Before it can happen, the Federal Highway Administration must approve the joint request from PennDOT and the turnpike commission to turn I-80 into a toll road, a move opposed by residents and businesses along the corridor.

Clarion Mayor John Stroup, who's running for Congress, called tolling I-80 "an ill-advised scheme to shut down the economy of rural Pennsylvania" at a meeting with FHWA officials in Washington, D.C., last week.

The House report estimates that a private firm would increase tolls about 5 percent a year in order to return a reasonable profit to its investors.

It also looks at creating a nonprofit Public Benefit Corp. but concludes that would cost millions in start-up costs and, in essence, duplicate what the turnpike commission already has a half-century of experience doing.

"Under the control of a private concessionaire, the turnpike will be operated with a singular focus on the bottom line," the report says.

"The turnpike will cease to be an asset that state government can use to promote economic development and other social objectives and will no longer be part of a larger transportation network to be managed in a coordinated manner.

"We believe the Commonwealth is best served by staying the course with Act 44. If the [FHWA] fails to approve tolling on I-80, additional revenues can be generated through a full public monetization of the turnpike, by identifying other supplemental revenue sources, or by some combination of those approaches."

Pennsylvania is not the first to consider such leasing arrangements.

In October 2005, Chicago leased its eight-mile Chicago Skyway for 99 years for $1.82 billion.
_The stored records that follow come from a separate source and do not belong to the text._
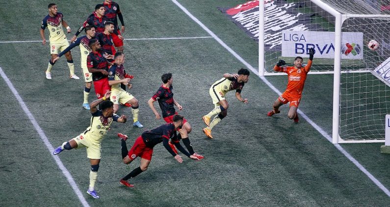 MEX1155. TIJUANA (MÉXICO) 15/04/2022.- Facundo Ferreyra (centro-abajo) de Tijuana anota un autogol ante el América, durante un juego de la jornada 14 de la Liga MX del futbol mexicano hoy, celebrado en el estadio Caliente de la ciudad de Tijuana, estado de Baja California (México). EFE/Alejandro Zepeda
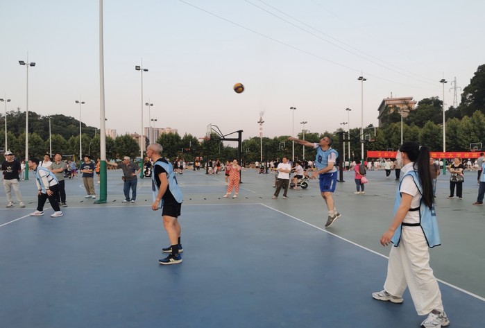 5月17日下午5时20分,外院教职工排球队与生科院、继教、图书馆联队在灯光球场展开了激动人心的2024年教职工排球赛总决赛。决赛采取五局三胜制,比赛在观众的热烈掌声中拉开序幕,外院教职工排球队迅速进入状态,凭借默契的配合和精准的扣杀,以稳定的发挥赢得了首局胜利。场边啦啦队的加油声呐喊声此起彼伏,为外院排球队注入了无尽动力。
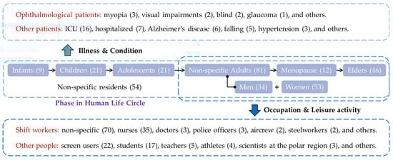 The second classification system emphasizes people’s jobs and leisure activities. Although adults have the strongest resilience to the disturbance of ALAN and its health effects, some groups with sleep deprivation and poor sleep qualities also need attention. The first group comprises various shift workers, whose jobs may require partial or complete sleep deprivation during nighttime work. Nurses are the earliest and most studied shift workers. This group also includes resident physicians, police officers, flight crew, and steelworkers. The other group comprises nighttime screen users, who do not experience sleep deprivation but may face degradation of sleep quality due to ALAN. Studies on nighttime screen users have recently emerged but have drawn increasing attention. The ALAN from computers [63], smartphones [64], iPads [65], or other electronic devices all may lead to the disturbance of people’s circadian rhythms and a phase shift in sleep, which consequentially imposes stress on mental health. Moreover, sleep quality degradation caused by ALAN is also discussed for students [66], teachers [67], athletes [68], scientists in polar regions [69], and other cohorts. For a complete list of relevant studies, please see Supplementary File S1.

Most of the money is gone; it went to pay off road and city debts The old $2 toll is being raised a step at a time to $5 by 2017, when it will average 62.5 cents a mile.

In June 2006, Indiana leased its 157-mile Indiana Toll Road for 75 years for $3.85 billion. The money is programmed to be spent over 10 years to build other highways and bridges, while tolls are to be raised a minimum of 2 percent a year, depending on cost-of-living adjustments.